— Если бы вы изволили знать, как вы вульгарны, — прошипел голос леди Уилсон. — Эта ваша любовь на фоне траурных лент… Как вы смеете? Вы не видите, как она кощунственно омерзительна, как она оскорбляет память дорогого нам человека…
— А вы оскорбляете любовь, — спокойно и твёрдо произнёс Александр Иванович.
— Не смейте мне дерзить, молодой человек! — грозно произнесла старая леди. — Вы не смеете с сегодняшнего дня и шагу ступить в моём доме без моего дозволения! Как вы бежали от жандармов, и что вы сотворили с моей воспитанницей, этого я не знаю, и знать не хочу. Даже если было тайное венчание, я добьюсь того, чтобы его расторгли! В любом случае, вы не получите ни гроша, каковы бы ни были распоряжения на этот счёт моего покойного мужа! — она продолжала, презрительно глядя на них. — Теперь немедленно расстаньтесь, и никогда больше я не желаю видеть вас вместе!

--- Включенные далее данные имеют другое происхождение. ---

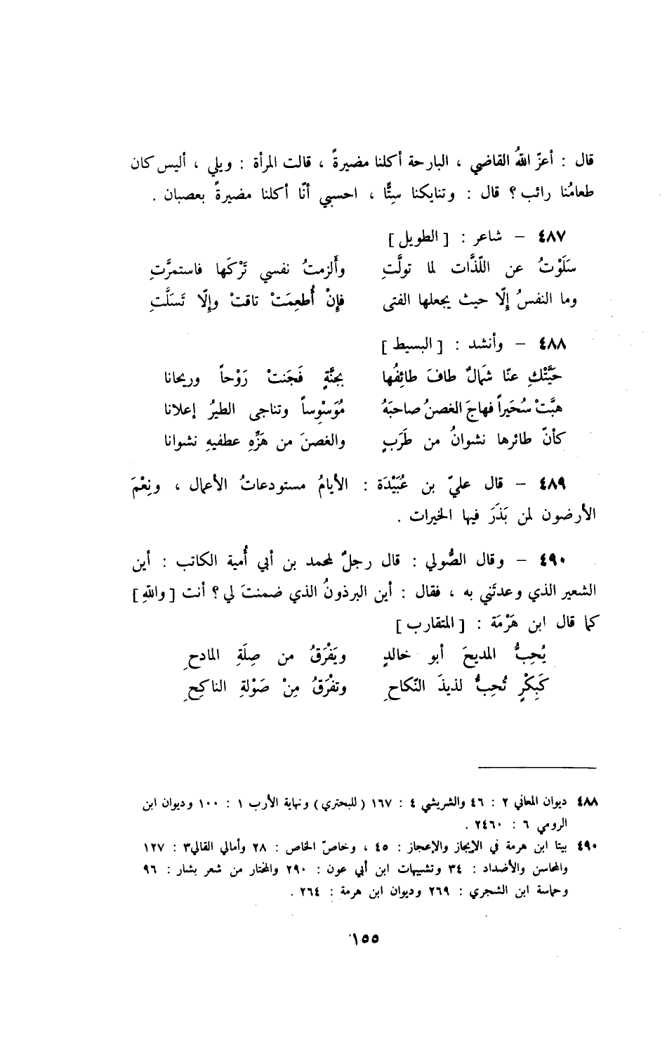 وقال الصولي: قال رجل لمحمد بن أبي أمية الكاتب: أين الشعير الذي وعدتني به، فقال: أين البرذون الذي ضمنت لي؟ أنت والله كما قال ابن هرمة: المتقارب
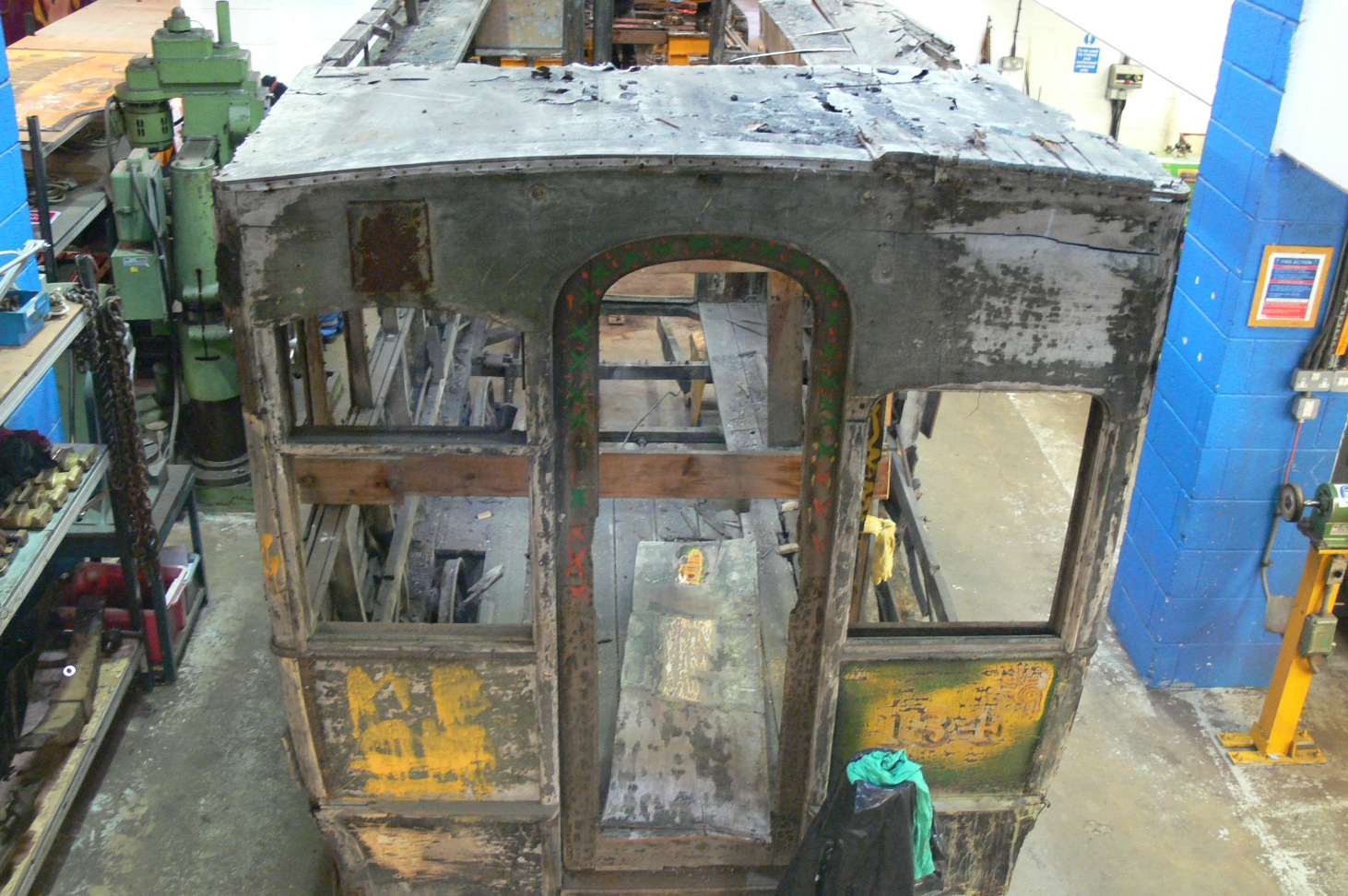 A close look at one end of the North Metropolitan horse tram body in the workshop at Crich, seen from the viewing gallery on 1st February. (Photo by Andrew Waddington)

Ответа не последовало, Александр и Наталья лишь плотнее сжали руки.
— Будь ты, моя дорогая, изначально воспитана мною, этот позор никогда бы не покрыл тебя, — кипя от клокотавшей в ней ненависти, проговорила Клара Генриховна.
Но тут она словно поперхнулась: пред нею Анна Юрьевна вела к дверям гостиной бледного Карла Феликсовича, поддерживая его под руку. Он шёл выпрямившись во весь рост, и чёрные волосы казались ещё темнее на фоне белизны его лица. Он был мужественен и стоек, а она нежна и прелестна. Метнув на них испепеляющий взгляд, Клара Генриховна поспешила войти в гостиную, и слуги, подавленные этой сценой, робко последовали за ней.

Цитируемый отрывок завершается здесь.